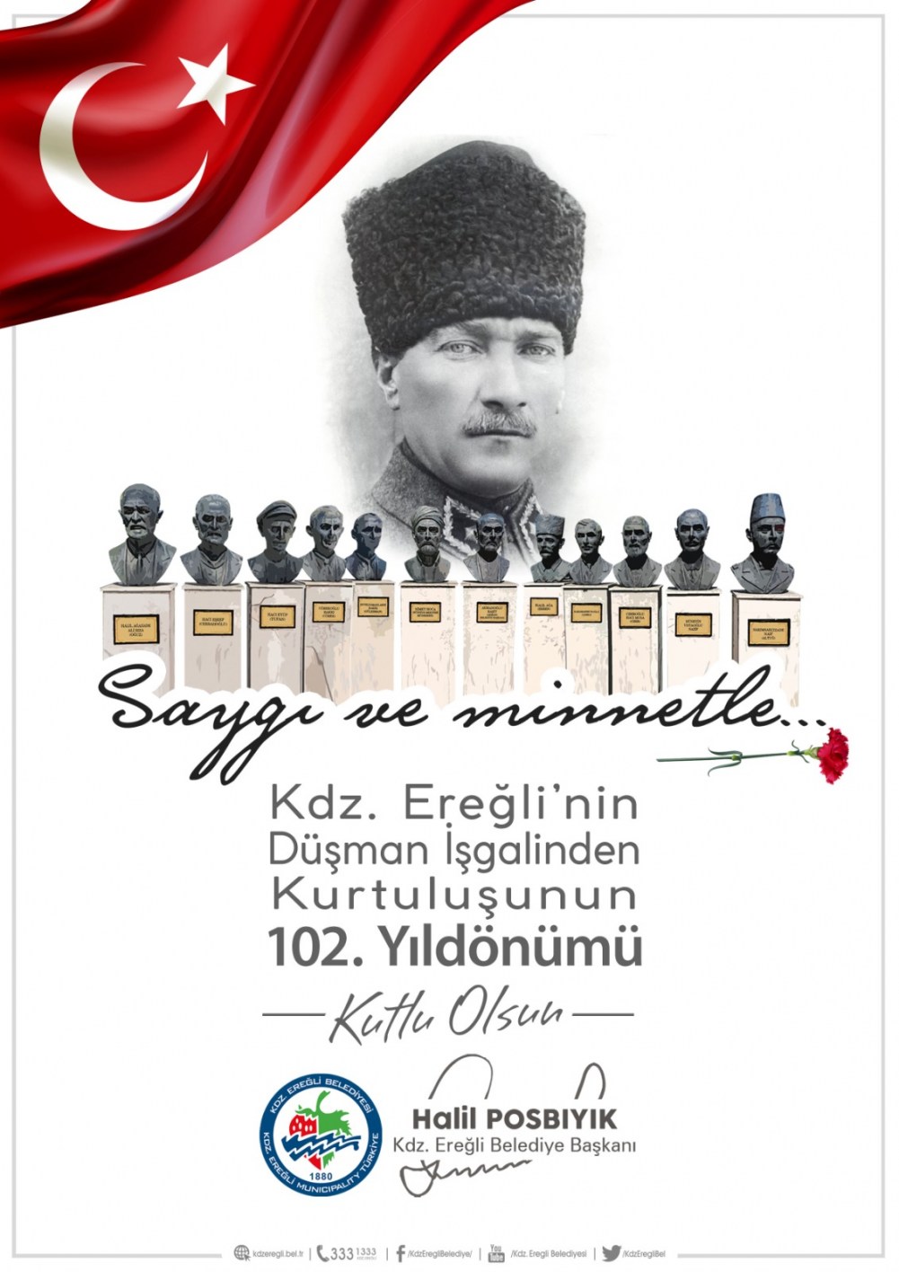 Kdz. Ereğli Belediye Başkanı Halil Posbıyık, Kdz. Ereğli’nin kurtuluşunun 102. Yılı nedeniyle kutlama mesajı yayımladı.
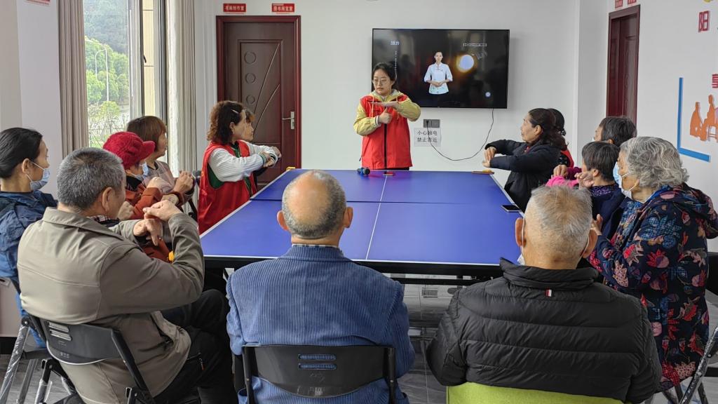 志愿者教老人们做健身又健脑的《国家》手语操,在手臂的一挥一扬下,老人们脸上洋溢着笑容。同时,志愿者围绕营养膳食、运动健身、疾病预防、养生保健等方面进行了详细的讲解,通过有趣的动漫画面和通俗易懂的语言,向老人们普及了日常疾病预防及保健知识。
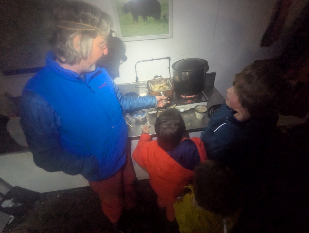 After we were done with dinner, Ross whipped up some french fries. Yep, he brought a big pot, oil, potatoes, and made french fries in the backcountry. They were delicious, and a definite highlight for the kids. At some point some of the fries fell into the yucky sink. Ross salvaged them by frying them again: “I figure, if boiling purifies water, then boiling oil has got to kill everything“. Words of wisdom… The kids said that the double fried fries were the best ones!
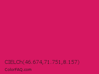 CIELCh 46.674,71.751,8.157 Color is a normal rose color and the nearest color is Dogwood Rose #d71868. Hex code #d61761 and RGB value is rgb(214,23,97). In RGB color space, this color is composed of 84% red, 9% green, 38% blue, In CMYK color space, this color is composed of 0% cyan, 89% magenta, 55% yellow , 16% black , In HSL color space, this color has a hue angle of 337° , 81% saturation and 46% lightness.
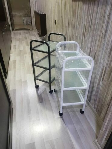 - Servis/alat rəfi: 3 mərtəbəli, təkərli arabacıq. Metal çərçivə, şüşə rəflər. Alət və ləvazimatların səliqəli saxlanması və asan daşınması üçün uyğundur. Ağ və qara variantları mövcuddur.
..............................
» Exercise requirements
The response should consist of the lines above from the first through the one containing "After we were", transcribed exactly, with every picture left out.

» Task solution
 Kdz. Ereğli Belediye Başkanı Halil Posbıyık, Kdz. Ereğli’nin kurtuluşunun 102. Yılı nedeniyle kutlama mesajı yayımladı.
 志愿者教老人们做健身又健脑的《国家》手语操,在手臂的一挥一扬下,老人们脸上洋溢着笑容。同时,志愿者围绕营养膳食、运动健身、疾病预防、养生保健等方面进行了详细的讲解,通过有趣的动漫画面和通俗易懂的语言,向老人们普及了日常疾病预防及保健知识。
 After we were done with dinner, Ross whipped up some french fries. Yep, he brought a big pot, oil, potatoes, and made french fries in the backcountry. They were delicious, and a definite highlight for the kids. At some point some of the fries fell into the yucky sink. Ross salvaged them by frying them again: “I figure, if boiling purifies water, then boiling oil has got to kill everything“. Words of wisdom… The kids said that the double fried fries were the best ones!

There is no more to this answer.